Although this sketch has been catalogued in the past as an early work by John Constable, it is difficult to point to anything by him which it particularly resembles. No doubt it was given an early date - c. 1801 by Holmes and Shirley, c. 1804 by Beckett and Chamot - because of the extreme simplicity of the composition and the timidity of the handling, but Constable's earliest known landscapes in oil are never quite so bald in design nor so hesitant of touch as this. Some of the colours (the pink on the hills, for example) are also untypical. Dr Hoozee attributes No.44 to Constable's son Lionel, for whom see Nos53–4 below. Examples of Lionel's work which have so far been identified do not seem to the compiler sufficiently close to justify this attribution. However, the discovery of further paintings by Lionel and, perhaps more especially, his brother Alfred may lead to a more convincing attribution of No.44 to a member of the Constable family.

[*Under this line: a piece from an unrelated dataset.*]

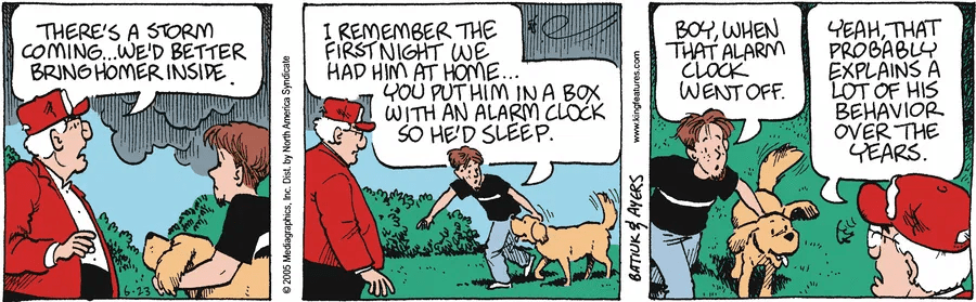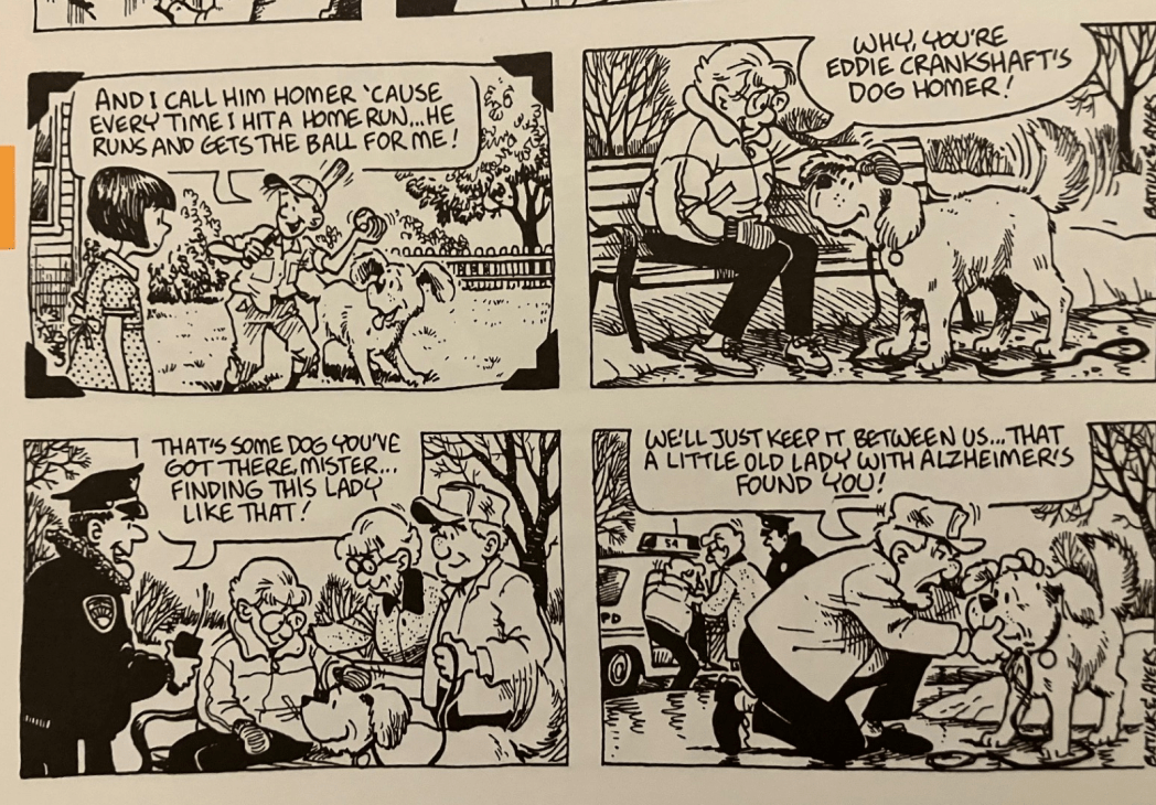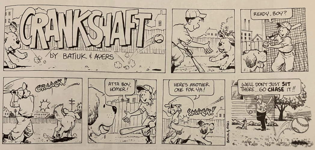 Homer isn’t in the first four Crankshaft books, so they must have got him after, maybe sometime in the early to mid 90’s if Mindy’s age in this strip from Strike Four! is anything to go by.

The subject of No.44 was identified in 1963 by Lt.-Col. C. Attfield Brooks, who pointed out that the title by which it had long been known - ‘Dedham Valley’ - was more precise than it might at first seem. The building shown in the centre middle-distance is the property named as ‘Dedham Valley’ on the Chapman and André map of 17772 and the first edition of the one-inch Ordnance Survey of 1805.3 It lay about half a mile south of Flatford and is seen in No.44 from a point on the southern side of the Stour, somewhere in the meadows to the south-west of Flatford bridge. Confirmation of this identification is provided by the relative position of the building to the hanging wood seen in No.44. This wood still exists in the grounds of Lawford Hall, and the small clump of trees on the skyline to the right of it in the sketch is one which grew on a tumulus there. Two of the trees, a group of Scots Pines known as ‘The Seven Sisters’, survived until at least 1940.4 The hanging wood and the adjacent clump appear in several of John Constable's works, including two oil sketches in the V.&A. (R.100 and 329, H.126 and 128).
1. Sir Charles Holmes' annotated copy of the catalogue (National Gallery Library) identifies item 256 as ‘Dedham Valley’, as does his 1910 Burlington Magazine article.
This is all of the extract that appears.